When I joined, the primary product was called “Stargate,” and it was stretched to a breaking point. Like many legacy codebases, it was made up of modules that were built in different programming languages, and had grown together into a brittle monolith. It was used by much of the company to track progress across our real estate deals, architecture and design construction projects, and even to track the economic health of our buildings.
In concert with Product and Engineering leadership, we decided to start to split out the individual products into stand-alone apps (built on a revamped, shared database) using React for the web apps and developing native iOS/Android versions as well. We knew that this would allow individual squads to design and build more efficiently, and that it would reduce the (very real) possibility that a change made in one code base would take down the entire ecosystem.
As a Design team, we had an exciting opportunity to break from the past, build apps that were more user-centric, and implement a new and improved design system to improve the usability and ease of building our new suite of apps. As a newly arrived design manager, I knew that I had to set a new tone for collaboration within our team and with our peers.

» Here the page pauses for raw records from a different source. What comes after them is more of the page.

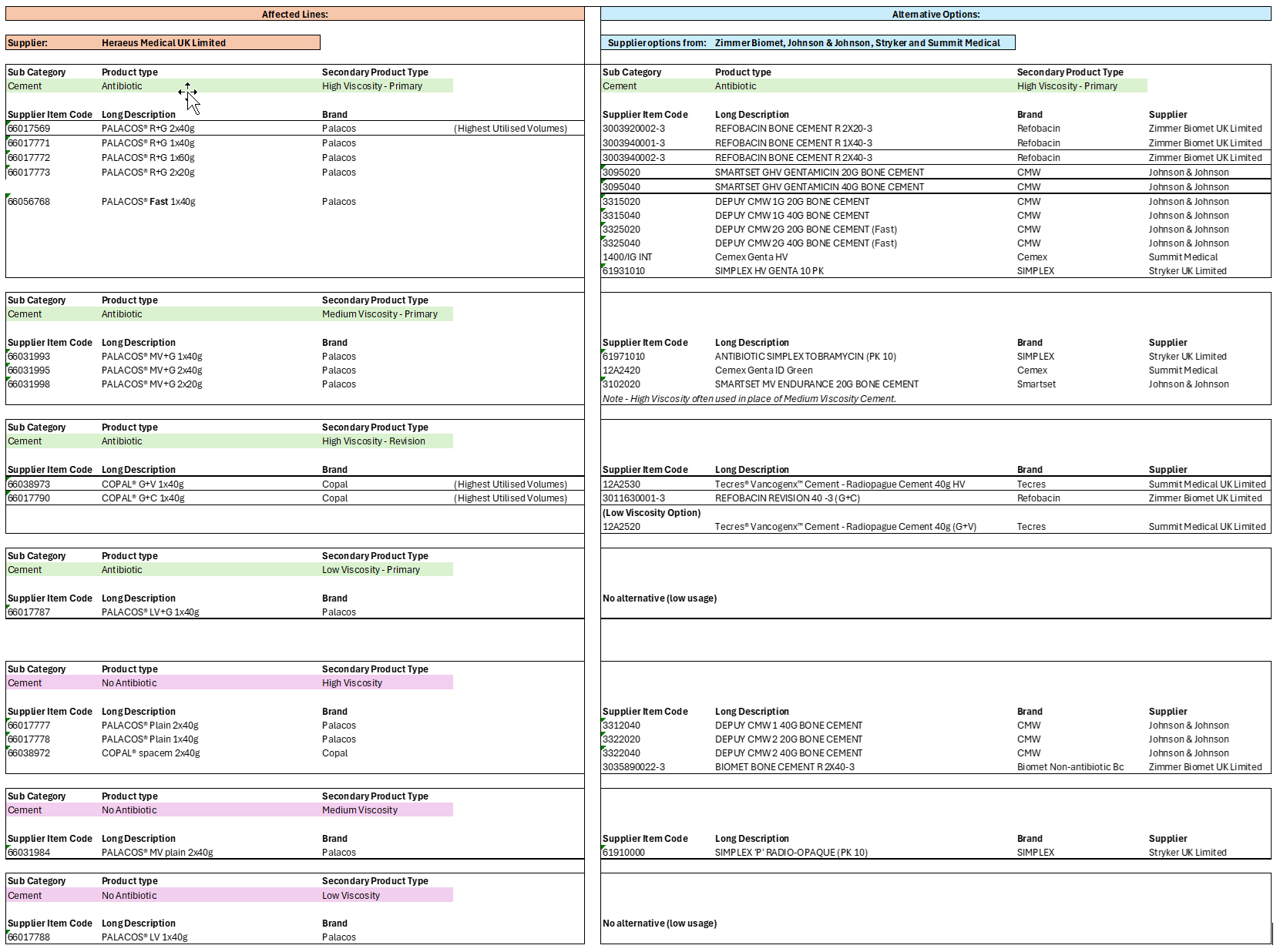 Further information on supply and alternatives can be found on NHS Supply Chain’s dedicated webpage, which will be regularly updated: Supply Issues Heraeus Medical Bone Cement Products » NHS Supply Chain
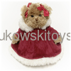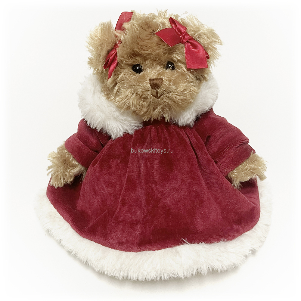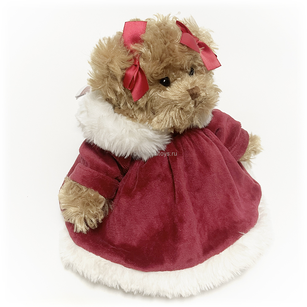 Милый коричневый мишка-девочка среднего размера в ярком плюшевом платье, после упаковки игрушка нуждается в встряхивании или в расчесывании
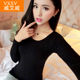 春秋天女神长袖自带罩杯修身打底衫bra-t有胸垫棉质保暖内衣冬季
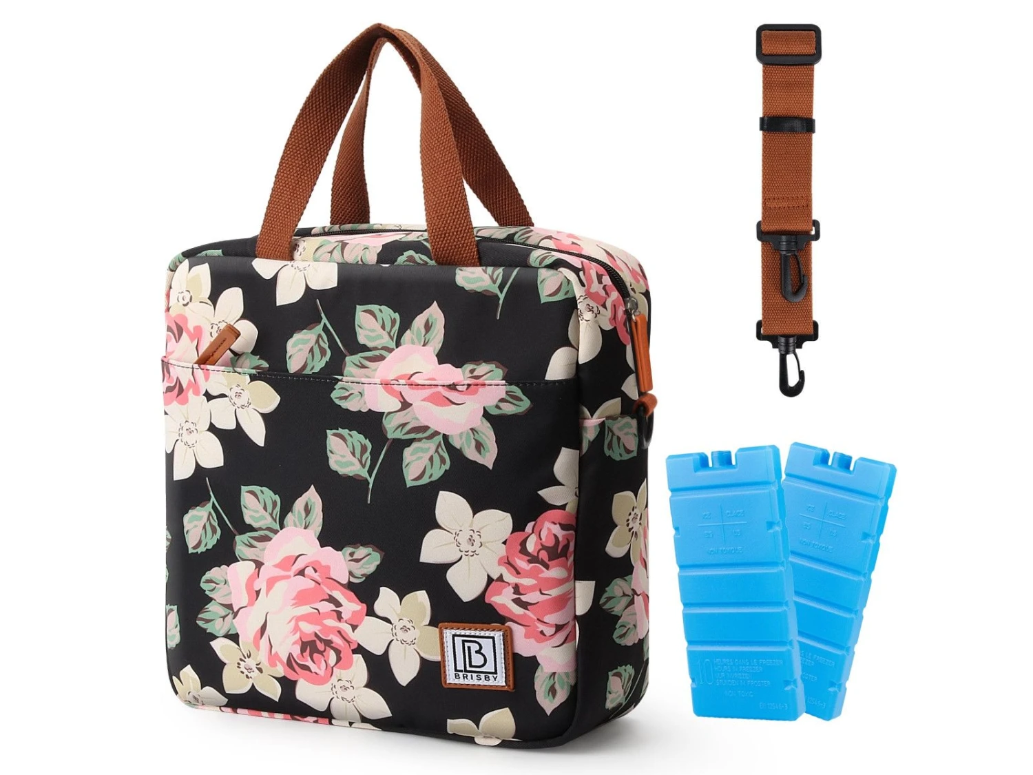 Brisby 4 Laags Geïsoleerde Koeltas – Lunchtas 7 liter – Witte Bloem – Lunchtas voor onderweg – Inclusief schouderband – 2 gratis koelelementen van 200 ML.

First, I set up separate meetings with the leads from Product and Engineering to understand what had been going well and not so well in their work with the Design team. Then I shared what the Design team had said in response about their experiences with these same teams and we discussed the differences and similarities between the two. We were able to identify some really great areas of overlap between the teams’ feedback, which I turned into a new shared process between the three teams. It included more up-front user research and opportunity ID, the establishment of product and design briefs, and formal user validation of mockups and prototypes.

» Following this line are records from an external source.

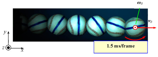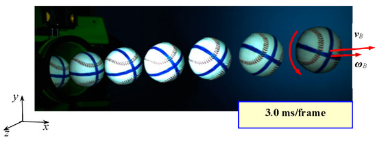Stroboscopic image of a baseball thrown as a fastball. The ball speed V is 161 km/h and the rotation of the ball is a back spin. The ball spin rate S is 3700 rpm, and the spinning axis of ωB is in the direction of the z-axis.
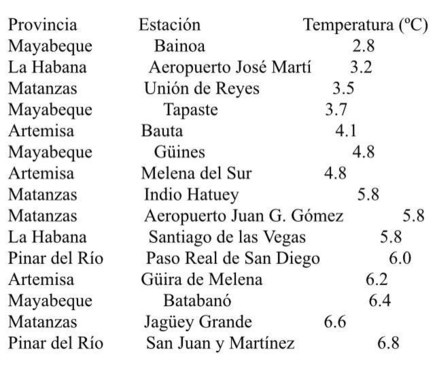 La noche de ayer y la madrugada y amanecer de hoy en el Occidente y el Centro de Cuba fue sumamente fría para las temperaturas a las que estamos acostumbrados. En un total de 34 estaciones meteorológicas se registraron temperaturas mínimas inferiores a 10 ºC, de las cuales 13 eran menores que 7 ºC. El valor más bajo registrado fue en Bainoa con 2.8 °C, demostrado, una vez más, porqué esa localidad de Jaruco, en Mayabeque, es conocida como la Capital del Frío en Cuba.
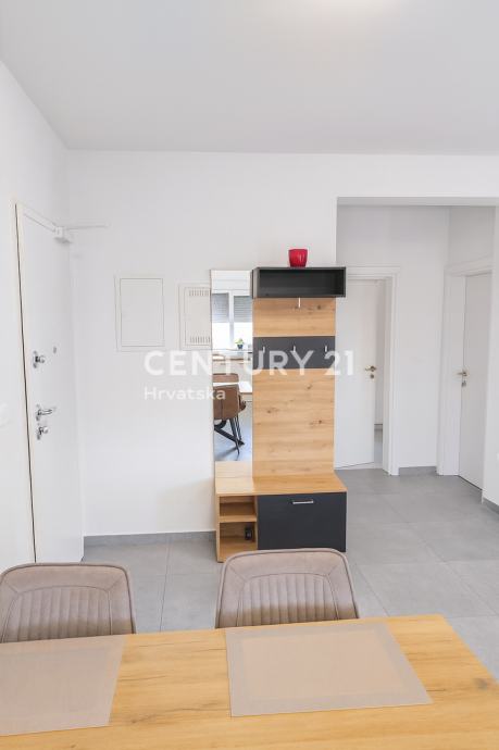 For sale is a two-bedroom apartment in Privlaka near Zadar, with an area of 57m2. It is located on the first floor, south-facing with a sea view. The distance from the sea is 100m. The apartment is sold fully furnished.
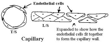 CAPILLARIESCapillaries are tiny, much-branched vessels. Their walls are made of a single layer of endothelium cells (one cell thick). Capillary walls are permeable so they allow for the exchange of materials between the blood and body tissues.-site of exchange between blood and tissue cells-one cell thick --> rapid diffusion-tissue cells are close to capillaries for sufficient exchange-blood flow in capillaries is slow for effective exchange.
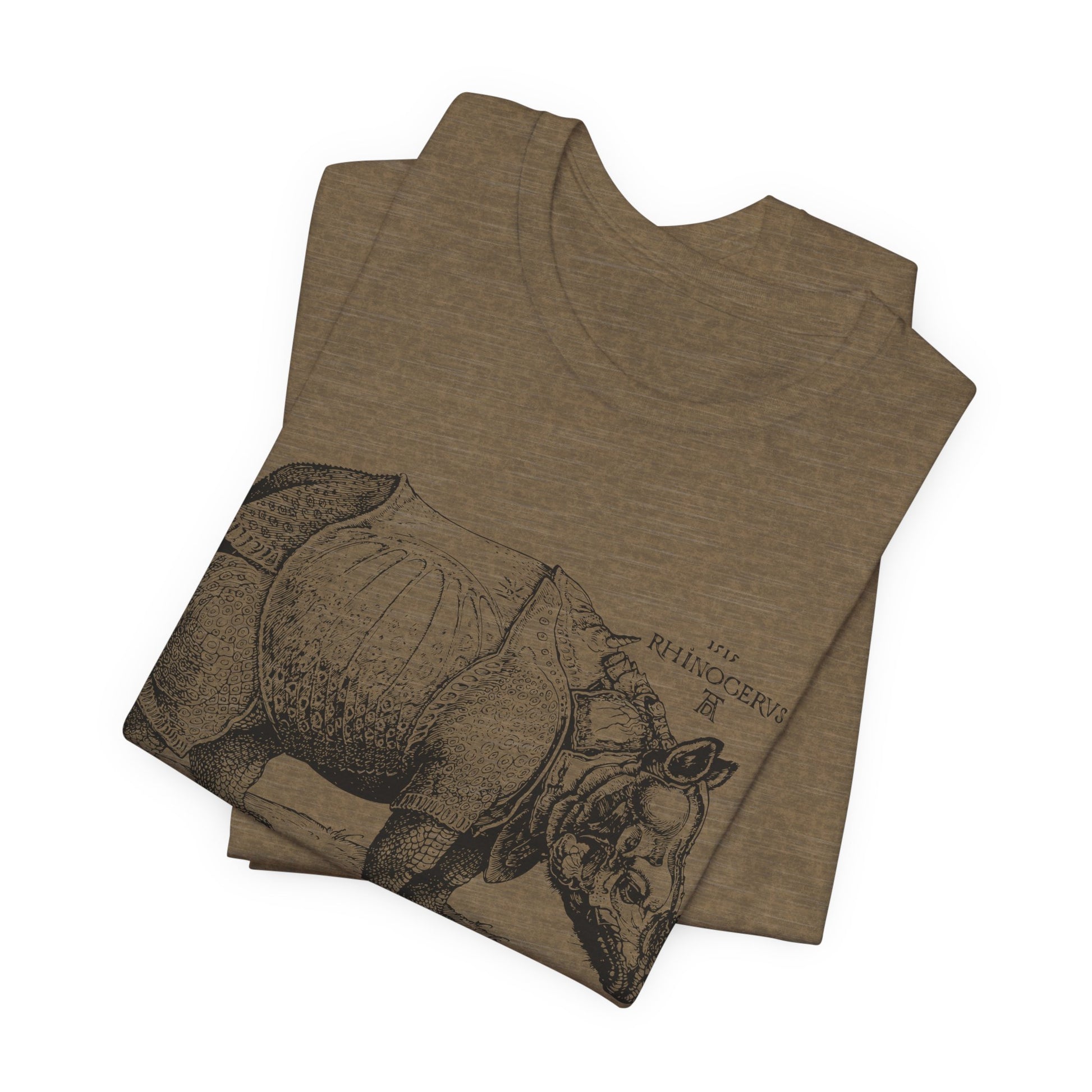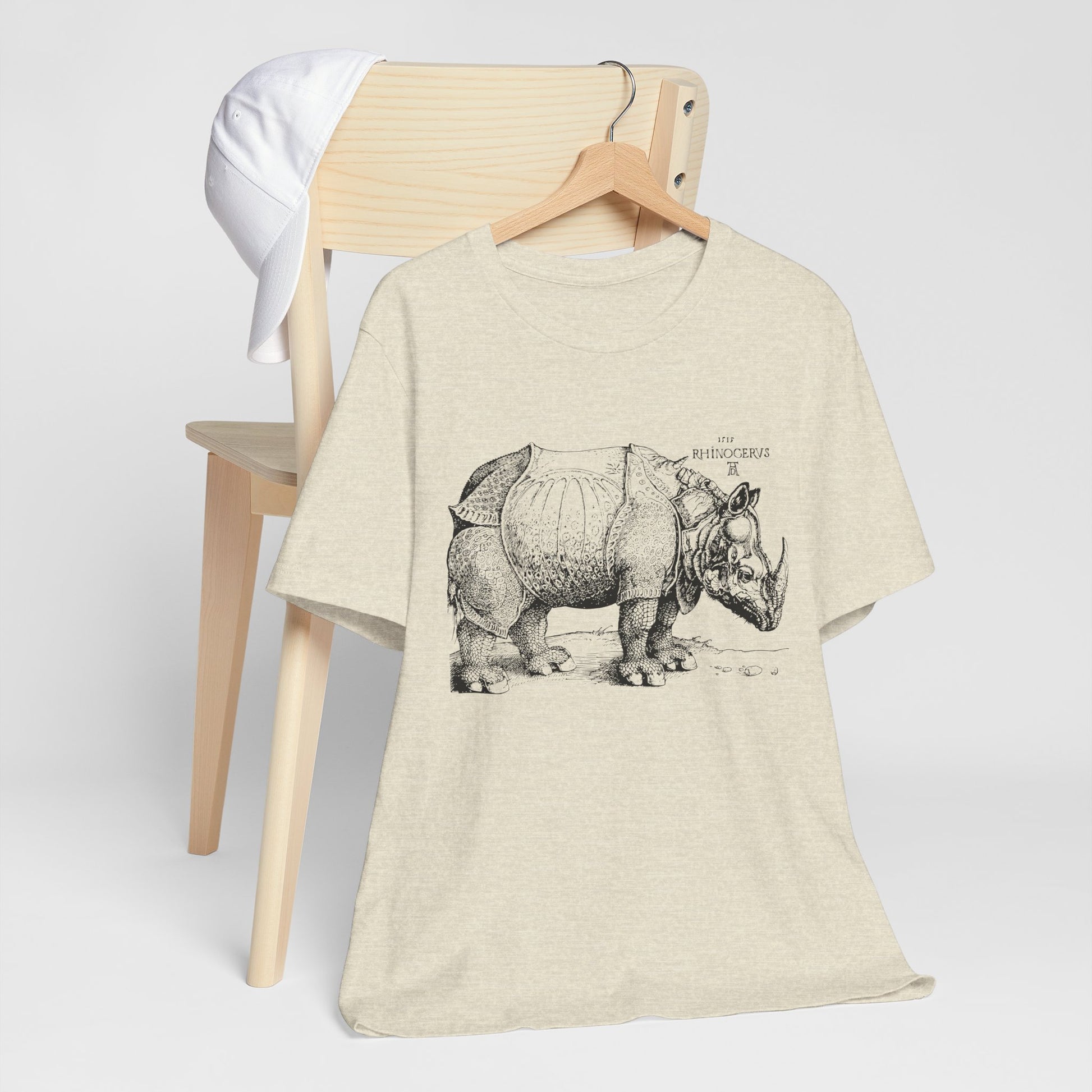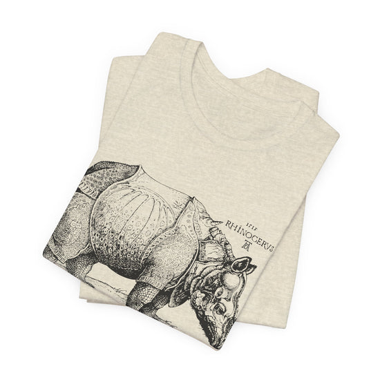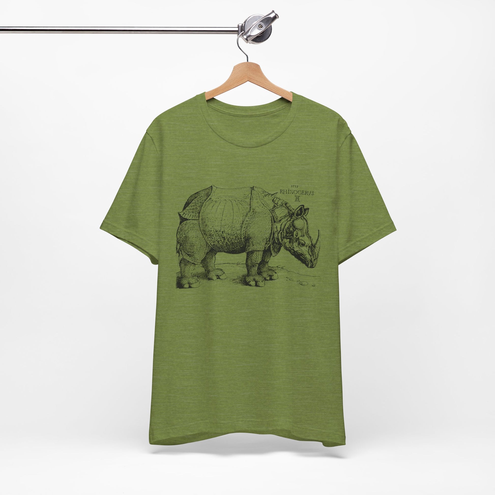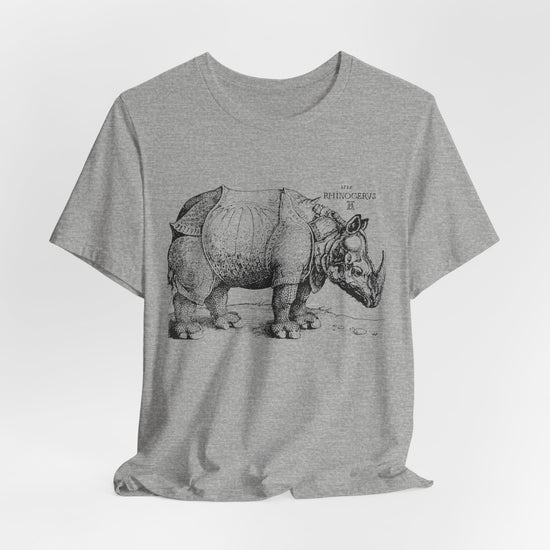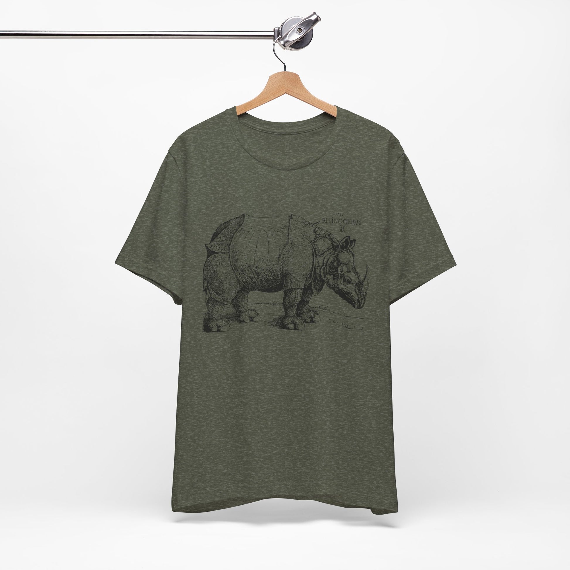 Celebrate one of history’s most iconic works of art with the Albrecht Dürer Rhino Shirt — a vintage-inspired graphic tee that combines timeless artistry with modern comfort. Featuring Dürer’s legendary 1515 woodcut illustration “The Rhinoceros,” this shirt captures the spirit of the Renaissance in wearable form.

We also implemented a Design Research Sprint process for longer-term initiatives and product launches. Our design researcher and I collaborated with Product and Eng leadership to identify knowledge gaps, sketch out global research plans, assign teams, and then execute on the project and its subsequent synthesis.
Coming into the role as a relatively new manager and an interim director, I knew that I had a lot to learn very quickly. I learned that approaching this sort of situation with a “novice mindset” (in my case, a real one) all but guaranteed that my peers and team members would trust me with their unvarnished feedback and input on a better process. That being said, I also found that it can be risky to pin your future on overhauling a process that’s been in place for years, because if the new process doesn’t work any better it reflects poorly on your leadership and judgment.
I short-circuited this by reminding others that we were engaged in an iterative “design process” for our design process. In other words, we were beta-testing a number of new approaches, none of which were rigid or permanent, with the goal of shipping better product with less frustration.
The new research sprints that we implemented enabled our colleagues from outside the design team to learn best practices for interviews and observation, get out in the field with users, and to arrive at much more user-focused product ideas. One key learning that I had from these sprints is that it’s often not enough to present the research results in isolation; a critical next step is to work together with the broader product and engineering teams to create new ideas based on the research, thus feeding back into the ongoing design processes at the squad level.